“We began discussions of this special issue on “Hacking the Black/White Binary,” less than one week after George Zimmerman was acquitted of killing Trayvon Martin, a 17 year old, unarmed Black teenager from Florida.
The duration of our editorial process for the issue has been undertaken in the midst of another police killing of an unarmed Black teenager, 18-year-old Michael Brown from Missouri. And now, we complete this introduction upon the announcement in the wake of the failure of a St. Louis County grand jury to bring charges against Officer Darren Wilson for Michael Brown’s murder. A few days after the announcement for Michael Brown’s case, we are pressed to return to this introduction to include another failure by a grand jury to bring charges for another incident of police brutality: the chokehold death of unarmed, father of six, Eric Garner in New York City. In a tragic viral video of the incident, Garner can be heard saying repeatedly, “I can’t breathe,” as a police officer applies a chokehold.
“These killings, the grand jury’s repetitive failures to bring charges, and the frequency of police brutality against Black men have sparked protests around the country. Most of these protests have been peaceful, even as they have been met with severe tactics of police repression, including the use of tanks, stun grenades, and tear gas. The protests have relied on digital and social media, viral videos, and hacking to bring visibility to these injustices and to mobilize protesters not only in the United States but also in Britain, Germany, Japan, and Palestine.

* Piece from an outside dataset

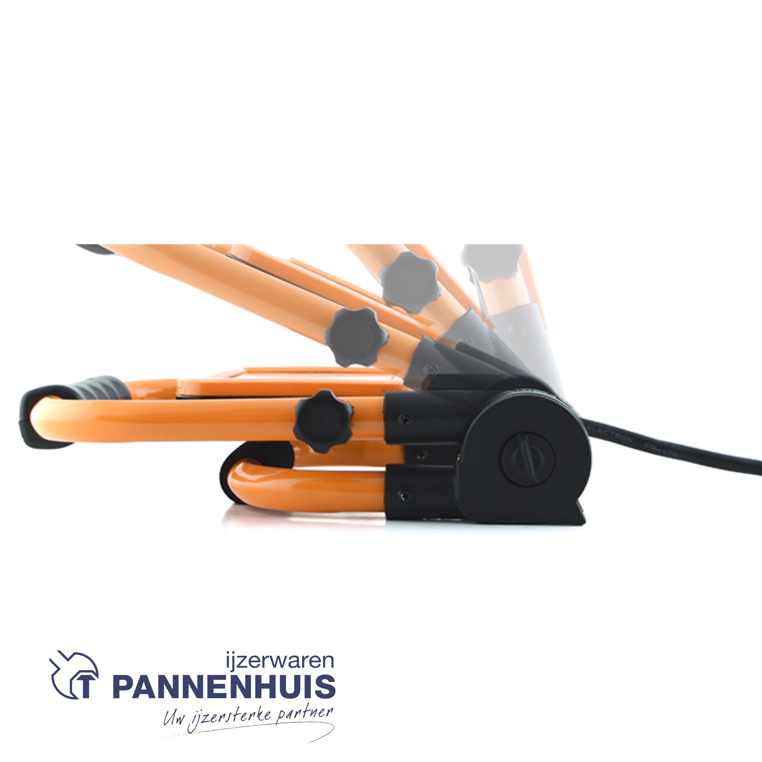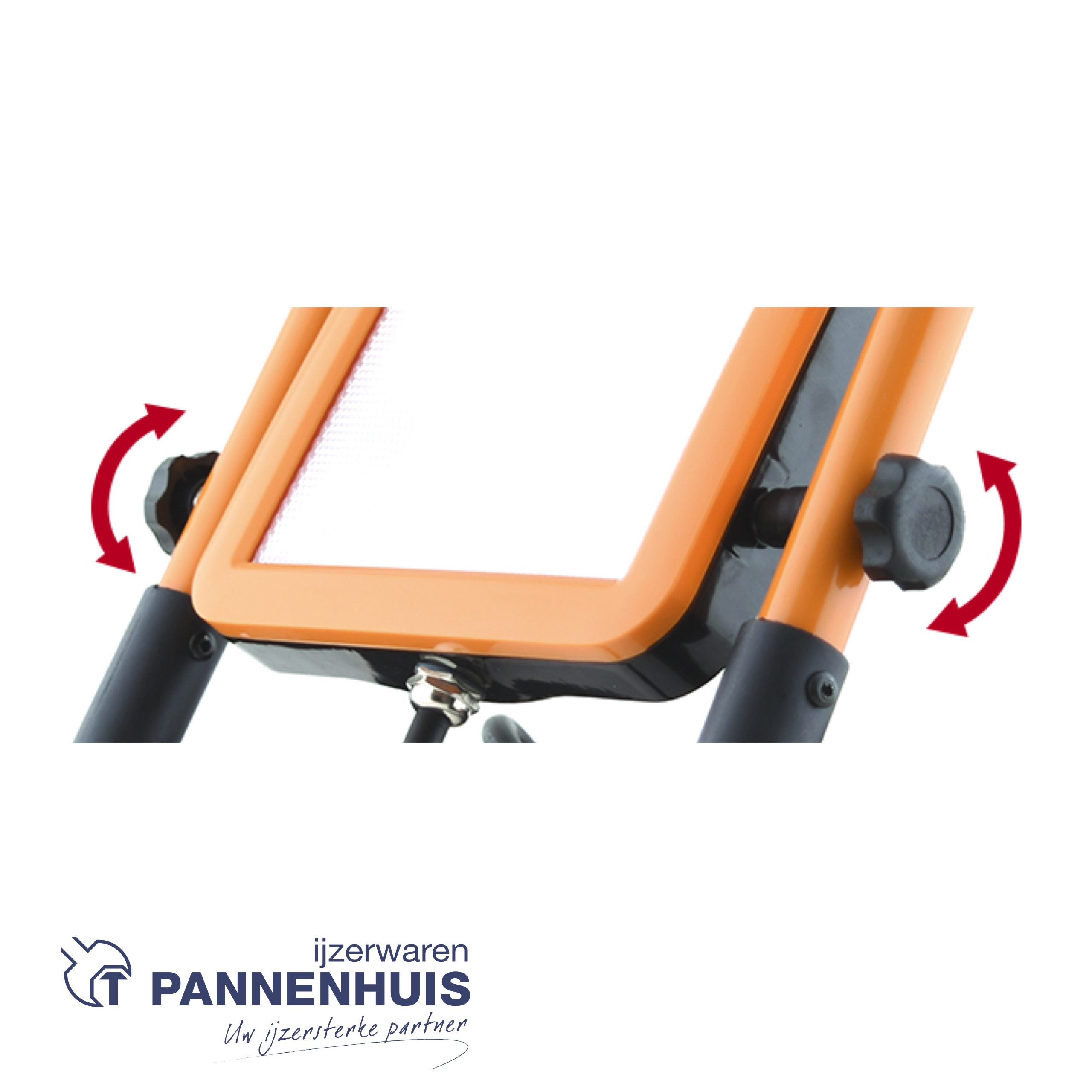 De werflamp kan door één druk op de knop worden opgeplooid, hierdoor is het makkelijk te transporteren.

The optics of this moment, engaged uncritically, might lead us to conclude that America had revisited the severe racial politics of the 1960s, an era characterized by overt suppression of the rights of Black people by White people. It is this narrative of racial suppression – that of Whites oppressing Blacks – that inheres in our easy recourse to binary racial logics. Indeed, Ferguson reminds us of all the ways in which we as a nation have not “hacked” the White/Black binary.”